Москва вступает в войну

Ольга жила в Москве, каждый день собираясь домой и откладывая отъезд на месяцы.

Когда она после Владивостока приехала с Шершавиным к матери, та приняла их очень спокойно.

— Вы не сердитесь, что я вам ничего не сказала, — это все произошло так быстро…

— И хорошо сделала. Тут разговорами не поможешь, — ответила мать.

Но, провожая на границу, сказала:

— Спасибо, дочка, что хоть военного человека взяла. У нас вся семья боевая, такой курс и дальше будем с тобой держать.

Из Посьета Ольга поехала к Шершавину на границу и, пробыв у него дня два или три, покатила в Москву.

На границе, как, впрочем, и на Посьете, жили они друг с другом неуверенно, хотя и в одной комнате. Вещи держали в разных чемоданах, белье в стирку отдавали отдельно, каждый — свое. О внезапном браке своем почти не говорили, а если и вспоминали о нем, то как о веселой проделке, хотя и относились к своему браку вполне серьезно.

Комиссар надавал Ольге множество поручений. Ей надо было съездить в Тимирязевку, во «Всекохудожник», в Книгоцентр, Союз писателей, в Консерваторию, сделать там тысячи предложений и начать переговоры о посылке бригад на Дальний Восток.

Вместе с поручениями мужа и Михаила Семеновича у Ольги накопилось работы месяца на четыре. Приехав в Москву и найдя комнатушку у шершавинского приятеля, Ольга забегала по всем адресам и вначале исправно отвечала на длинные расспросы Шершавина и беспокойные письма матери. В самый разгар суеты почувствовала она, что забеременела, и как-то внезапно обмякла, даже слегка растерялась. Так скоро родить она не предполагала, боясь, что ребенок прикрепит ее к дому и заставит бросить науку. На первых порах так и случилось. Заботы о еще не родившемся поглотили ее целиком. Когда же родился сын — весь мир был принесен ему в добровольную жертву. Однако забыть Дальний Восток и не касаться его насущных дел было труднее, чем она ожидала. Дела, начатые ею, вдруг приходили в движение. «Всекохудожник» посылал бригаду, Академия — семена, Союз писателей — книги. С границы приезжали отпускники и, конечно, привозили вместе с приветами объемистый пакет комиссара: опять начиналось хождение по главкам и институтам.

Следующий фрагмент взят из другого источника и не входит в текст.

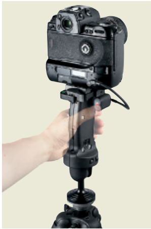
322RS fitted for left-handed use of the 322RC2 head in vertical position.
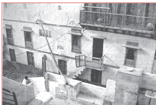
Rooftop harvesting was common across the towns and villages of the Thar. Rainwater that falls on the sloping roofs of houses is taken through a pipe into an underground tanka (circular holes in the ground), built in the main house or in the courtyard. The picture above shows water being taken from a neighbour's roof through a long pipe. Here the neighbour's rooftop has been used for collection of rainwater. The picture shows a hole through which rainwater flows down into an underground tanka .

Fortunately, in many parts of rural and urban India, rooftop rainwater harvesting is being successfully adapted to store and conserve water. In Gendathur, a remote backward village in Mysuru, Karnataka, villagers have installed, in their households rooftop, rainwater harvesting system to meet their water needs. Nearly 200 households have installed this system and the village has earned the rare distinction of being rich in rainwater. See Fig. 3.6 for a better understanding of the rooftop rainwater harvesting system which is adapted here. Gendathur receives an annual precipitation of 1,000 mm, and with 80 per cent of collection efficiency and of about 10 fillings, every house can collect and use about 50,000 litres of water annually. From the 200 houses, the net amount of rainwater harvested annually amounts to 1,00,000 litres.

В письмах, которые Шершавин посылал раз или два в декаду, было много такого, что глубоко волновало Ольгу, — все эти пейзажи, охоты, ветры, глухие таежные тропы, пустынное море и тяжелая, отважная жизнь. Но подробнее и лучше всего писал Шершавин о людях.

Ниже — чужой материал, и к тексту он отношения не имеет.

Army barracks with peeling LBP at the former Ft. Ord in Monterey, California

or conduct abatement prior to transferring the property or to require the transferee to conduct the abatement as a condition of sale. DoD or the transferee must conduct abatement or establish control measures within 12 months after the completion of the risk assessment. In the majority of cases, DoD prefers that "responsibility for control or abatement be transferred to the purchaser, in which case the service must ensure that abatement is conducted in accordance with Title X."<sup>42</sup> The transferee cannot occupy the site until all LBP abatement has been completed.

«Жаль, что вы не знаете Ушакова, — писал он ей. — На моих глазах растет удивительная натура. Я с каждым днем чувствую себя все меньше и все глупее по сравнению с ним, еще три года назад не видавшим книги. Книги, книги! Посылайте нам книг. Ушакову необходимо работать над собой, как волу, но — вы знаете — тут под руками ничего нет».

Он писал о бойцах, о книгах и, как будто между ним и Ольгой не было десяти тысяч километров, подробно критиковал прочитанные книги или дискутировал вопросы искусства. Ольга отвечала ему редко. Два раза она возвращалась из Москвы на границу.

Дав отдохнуть ей дня три-четыре, Шершавин уговаривал ее съездить к матери на Посьет или к Лузе, а затем легко убеждал в необходимости еще раз побывать в Москве и снова отправлял, волнуясь, и просил писать ему письма о новых книгах.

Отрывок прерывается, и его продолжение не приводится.